Optimal Sprinting Performance: A Foot Fetish
Jason Cholewa – Follow me on twitter
Powerful Feet for Powerful Athletes
What is the missing link in training for athletic performance? If you are in my KHP350 Strength and Conditioning class you no doubt have heard me discuss ad nauseum the importance of glutei training for strength and power during running and jumping. But what if your athlete’s have highly functioning glutei and great strength, power, and mechanics, what else can be done? The answer is so simple, it might surprise you: train the toes!
How Important is the Large Toe?
Interestingly, Lee and Piazza (2009) reported that elite sprinters had longer toes than non-sprinters. The researchers demonstrated that longer toes permitted a greater maximal forward driving force at toe push-off during sprinting. It’s quite evident that the metatarsal phalangeal joint (MPJ) is the final link between powerful hip, knee, and ankle extensors force generation and the ground. Additionally, the MPJ displays the greatest range of motion in the sagittal plane of any foot joints. Anatomically, the long head of the toe flexor muscle group comprises 10% of lower leg musculature (Wickiewicz et al., 1983). The short head of the toe flexor muscle group comprises 80% of foot musculature (Kura et al., 1997).
Big toe flexor muscles
Observe the image below, the force generated during the triple extension in sprinting is transferred through the MPJ into the ground. The degree of MPJ hyperextension (the loss of foot rigidity) represents inefficiency in ability of the athlete to apply maximal force into the ground. I liken this effect to being asked to hop on repetitively and quickly on the balls of your feet. In the optimal case your ankle remains fairly rigid and you sprint back up with each landing. In the case of inefficiency, each time you land your ankle flexes significantly (i.e.: is unable to maintain stiffness) and your heel taps the ground.
The greater the degree of big toe dorsiflexion (hyper-extension) the larger to loss of forces transmitted into the track.
Another reason training the large toe flexors are important may be injury prevention. Ray Lewis, one of the toughest Line Backers to play in the NFL, missed several weeks due to a sprain at the MPJ (turf toe). Turf toe can occur when the ability to resist MPH hyper-extension (toe flexor strength) is inadequate, especially during high velocity situations, such as sports (image below).
How Adaptable are the Big Toe Flexors?
Goldmann et al. (2012) trained 15 recreational athletes for seven weeks. The training program involved subjects performing 4 sets of 5 isometric repetitions (3 s contraction, 3 s relaxation) with 90% of maximal voluntary contractile force 4 times per week. Subjects continued their daily activities, but were restricted from starting a new exercise program. A control group of 12 equally matched subjects continued their daily activities with no additional toe training.
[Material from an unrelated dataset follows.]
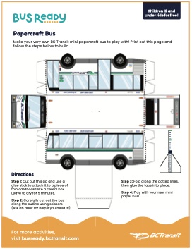 Please find below some downloadable templates for paper craft kits. They are fun and interactive activities designed to help children learn about transit and spark their creativity!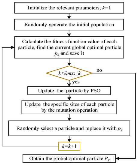 In this study, a GA–PSO hybrid algorithm was proposed by combining PSO and the GA mutation operation. After the completion of the PSO iteration in each generation, the current global optimal particle was found and saved. The mutation operation was conducted at specific sites for each particle. This step can increase the population richness of the particle swarm such that the algorithm maintains a strong local search ability in later iterations. After the mutation operation, a particle is randomly selected from the new population and replaced with the previously saved global optimal particle to ensure that the global optimal particle enters the next iteration of the algorithm, which improves the convergence speed and searchability of the algorithm. As an integrated algorithm, PSO–GA combines the merits of GA and PSO but avoids their drawbacks. In addition, PSO–GA has stronger efficient optimization capability than GA or PSO alone [67]. The GA–PSO hybrid algorithm flowchart is shown in Figure 2. More details can be found in reference [68].

Seven weeks of isometrical toe training improved MPJ flexion force production by 60-70%. Ankle plantar force also increased with toe training. Collectively, one might expect to see an increase in ankle or MPJ power during walking, jogging, or vertical jumping; however, there were no differences between groups, possibly due to the lower external MPJ hyper-extension forces exerted during these movements.
In contrast, the horizontal jump generates three times the maximal external MPJ hyper-extension forces compared to jogging or jumping vertically (see image below). This occurs because the athlete must move the center of mass past the toes as takeoff occurs, compared to the vertical jump where the center of mass stays slightly behind the toes. Ironically, the movement in the horizontal jump is very similar to that during maximal velocity sprinting. In simple terms, more force is lost as the toe bends during horizontal jumping (and likely sprinting) compared to jogging or vertical jumping.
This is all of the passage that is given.